• There are coyotes in my backyard.
  • There are rabbits in my backyard.
  • Coyotes eat rabbits.
  • Rabbits do not eat coyotes.
  • When the rabbit population is large more coyotes move into the neighborhood.
  • When the rabbit population is small coyotes move somewhere else.
  • When the coyote population is large, its bad for rabbits.
  • When the coyote population is small, rabbits thrive.
  • Let c(t) be the size of the population of coyotes as a function of time $t$
  • Let r(t) be the size of the population of rabbits as a function of time $t$

Let's build a rudimentary model that describes the two populations over time.

In the absence of coyotes, we'll assume that the rabbit population grows at a rate proportional to the population size (more rabbits, faster growth):

$$\frac{dr}{dt}=a\cdot r(t)$$

However, the presence of coyotes has a negative effect on the population of rabbits:

$$\frac{dr}{dt}=a\cdot r(t)-b\cdot c(t)$$

(notice we assume implicitly that $a$ and $b$ are positive constants)

The population of coyotes is similar: the presence of coyotes contributes to the growth of the population: they are pack animals, they like to be together.

$$\frac{dc}{dt}=e\cdot c(t)$$

Certainly, the value of $e$ will be smaller than $a$ and perhap is more complicated.
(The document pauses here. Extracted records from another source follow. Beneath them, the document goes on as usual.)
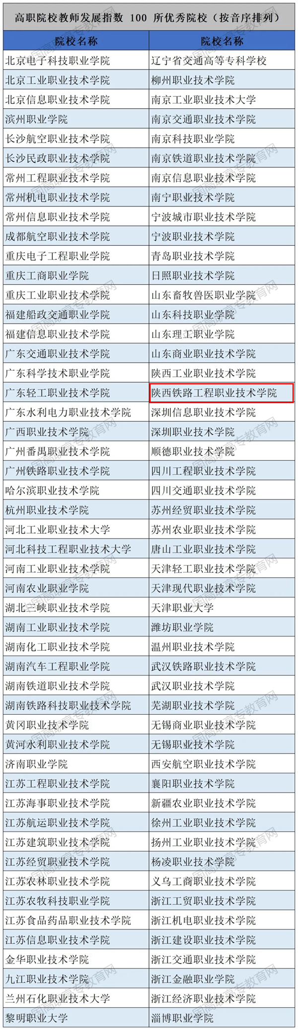 2月15日,全国职业高等院校校长联席会议公布高职院校教师发展指数优秀院校名单,100所高职院校入选,陕铁院位列其中。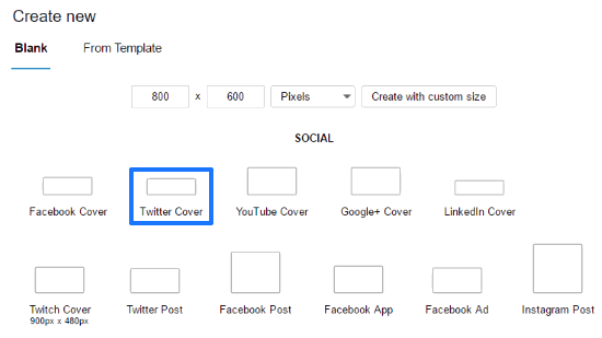 Gravit is another free online Twitter cover photo maker. With it, you can design social media posts like Facebook, YouTube, LinkedIn, Twitch, Google+ cover, etc. Unlike other Twitter cover makers on my list, it doesn’t provide any customized template. So, if you think you can create an amazing Twitter cover photo without any template, then you can check it out. You need to create a free account on it in order to use it. After creating an account, you can create a new design from the Dashboard. Make sure you select “Twitter Cover” when it prompts you to select the design type, as shown below.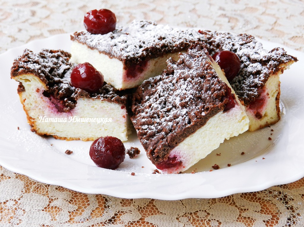 Предлагаю приготовить в духовке вкусную, ароматную творожно-шоколадную запеканку. В этой запеканке нежнейший творожный слой покрыт аппетитной шоколадной корочкой. Для того чтобы блюдо стало ещё более полезным, я решила добавить в творожный слой немного ягод вишни. Можно использовать и другие ягоды или вовсе их не добавлять. Отличная запеканка для всей семьи, попробуйте!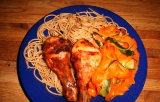 zutaten_2sp"> Zutaten für Personen Bild einstellen 4 Hähnchenschenkel 300 gr. Vollkornspaghetti 6 Möhren 1 kleine Zucchini Hähnchengewürz 2 Esslöffel Sonnenblumenöl Süßstoff Rezept Zubereitung Hähnchen [...]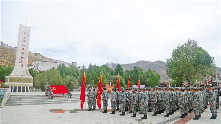 圖為駐藏某汽車團(tuán)野外駐訓(xùn)分隊(duì)在江孜宗山英雄紀(jì)念碑前開展主題黨課活動(dòng)。加央群決 李豪 攝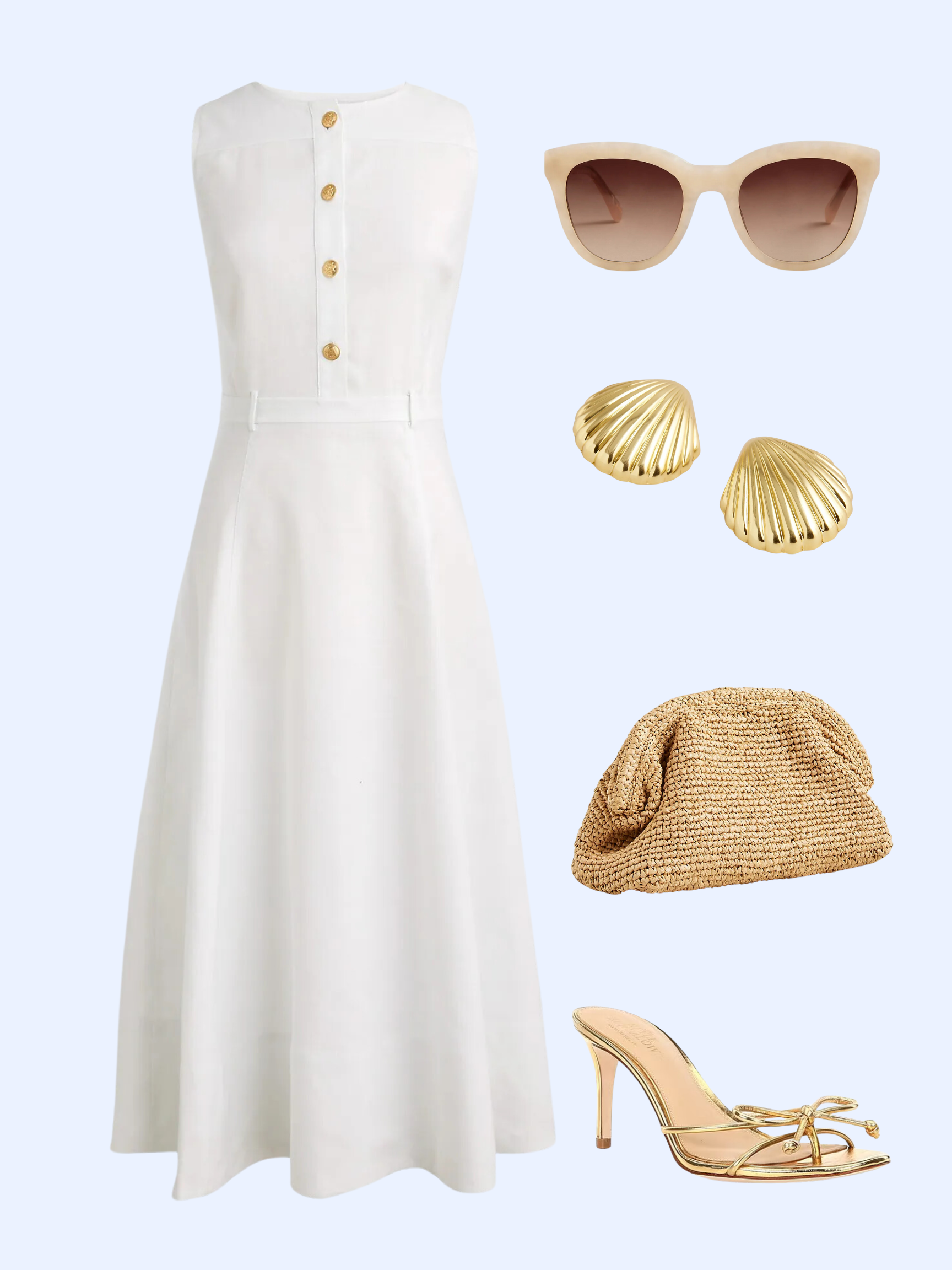 Outfit details: White Midi Dress, Sunglasses, Shell Earrings, Raffia Clutch, Gold Sandals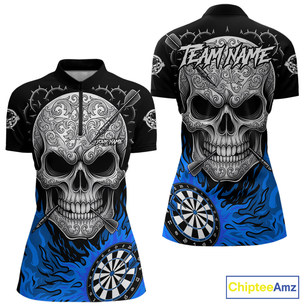 Black And Blue Flaming Skull Darts Shirt For Women Custom Darts League Jersey Team Polo & 1/4 Zip TDM5436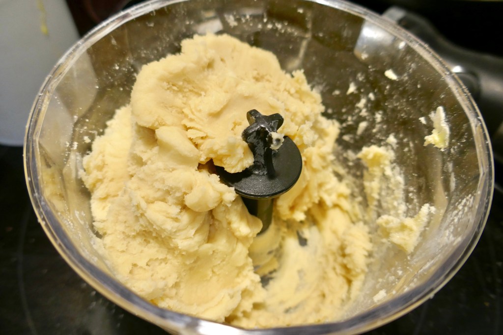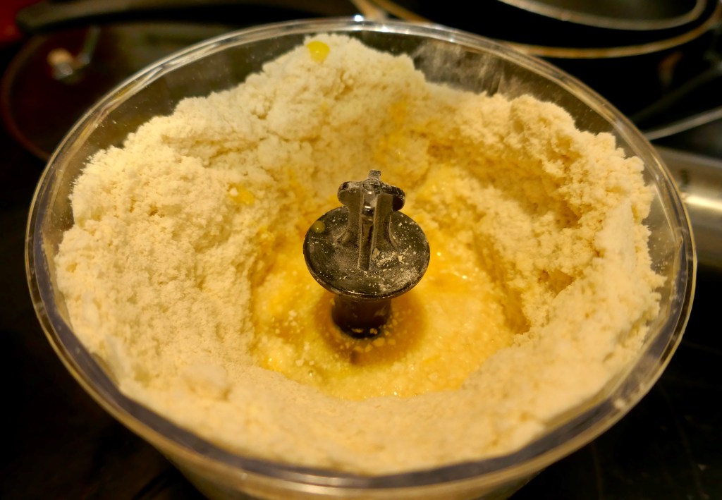 - Add the egg-water mixture into the food processor. Pulse until the lumps become dough.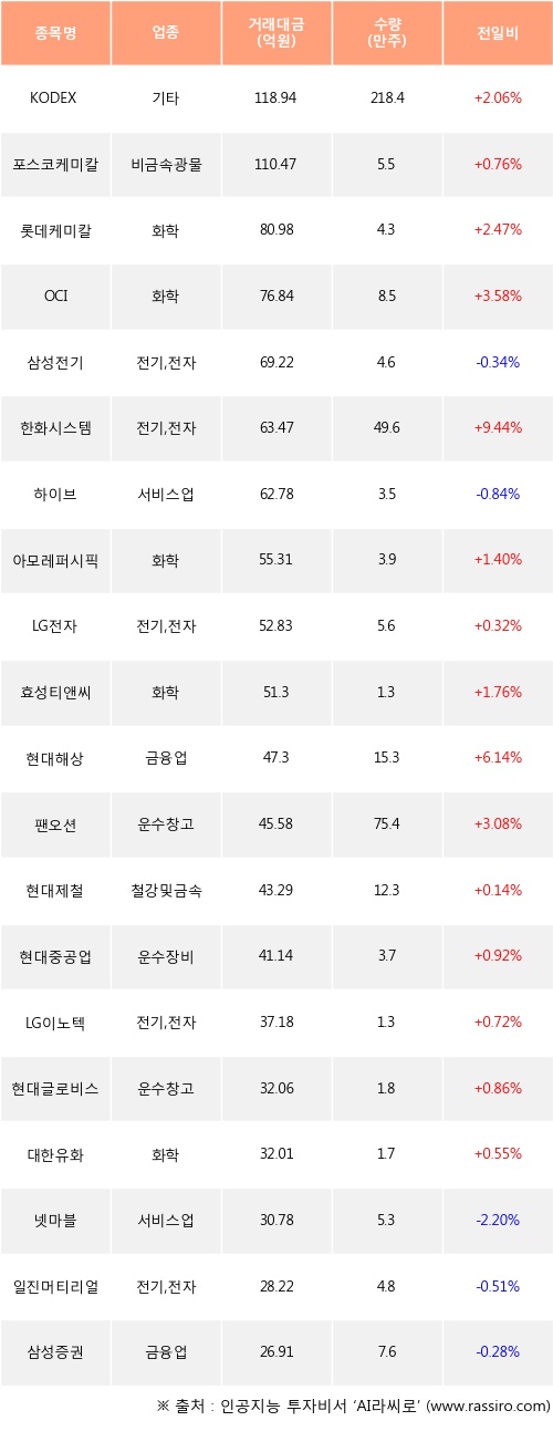 기관 투자자의 순매수 상위 20개 종목은 KODEX 코스닥150선물인버스, 포스코케미칼, 롯데케미칼, OCI, 삼성전기, 한화시스템, 하이브, 아모레퍼시픽, LG전자, 효성티앤씨등이다.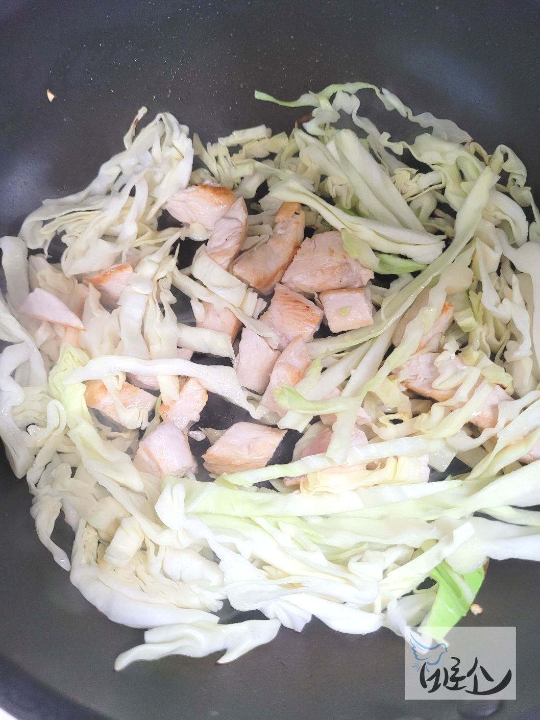 2. 닭가슴살 부피 정도(주먹크기만큼)의 양배추를 채썰어서 프라이팬에 함께 볶는다.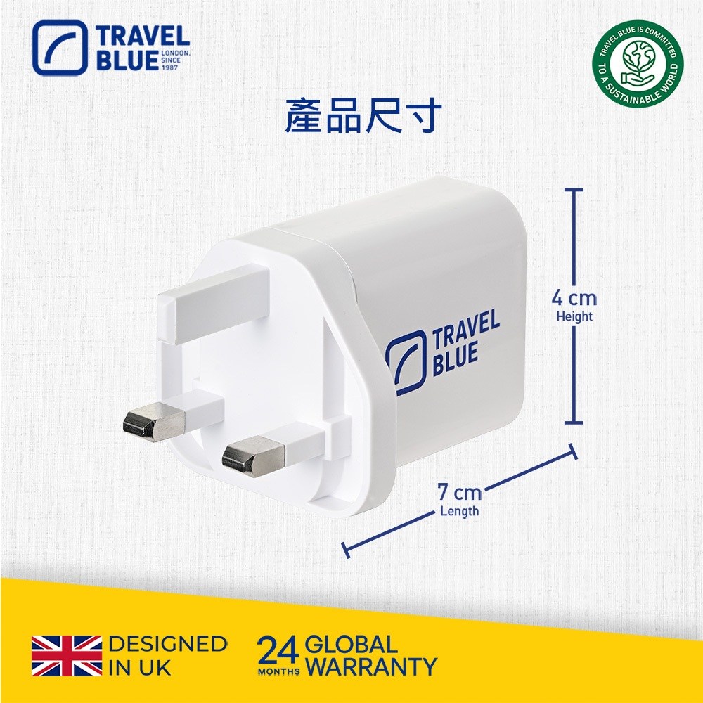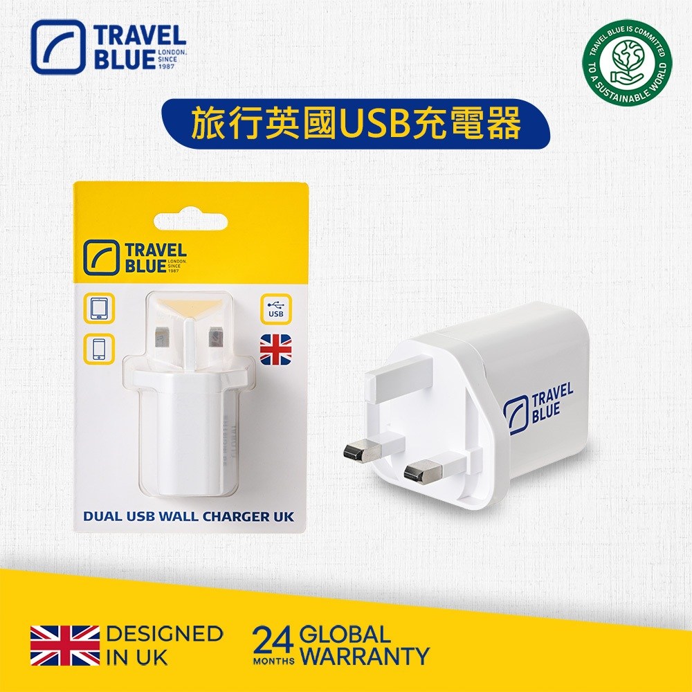 Travel Blue 英國藍旅 USB 雙孔轉接頭充電器 英國適用 壁式充電器, 6.3cm, TB964, 1個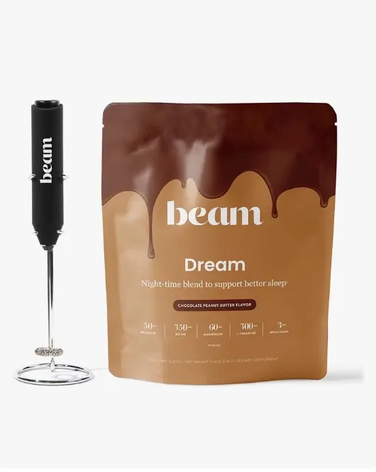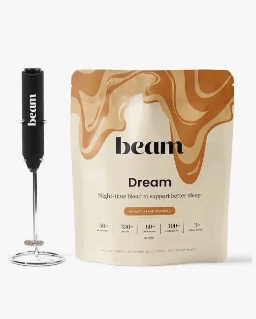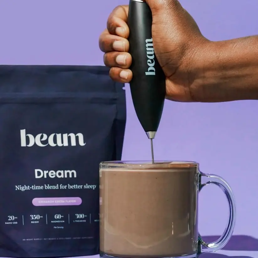 Experience the convenience of the Beam Frother, the perfect tool for mixing your Beam Dream Sleep Powder. This handheld frother is designed to make mixing your favorite beverages effortless.

We'll keep it simple for now and modify later. The presence of rabbits contributes positively to the population size of coyotes:

$$\frac{dc}{dt}=e\cdot c(t)+f \cdot r(t)$$

(we've argued, for now, that $e$ and $f$ are both positive constants)

We have the following linear, homogeneous system of differential equations:

\begin{align*} \frac{dr}{dt}&=ar-bc\\ \frac{dc}{dt}&=fr+ec\\ \end{align*}

We'll consider the general situation:

\begin{align*} \frac{dx}{dt}&=ax+by\\ \frac{dy}{dt}&=cx+dy\\ \end{align*}

where $a$, $b$, $c$, and $d$ are constants (positive, negative, or zero) and $x(t)$ and $y(t)$ are the two functions of time we're intereted in.

Our goal is to solve the system and find $x(t)$ and $y(t)$. (The populations of rabbits and coyotes, if we had data to use to estimate values of the parameters $a$, $b$, $c$, and $d$.)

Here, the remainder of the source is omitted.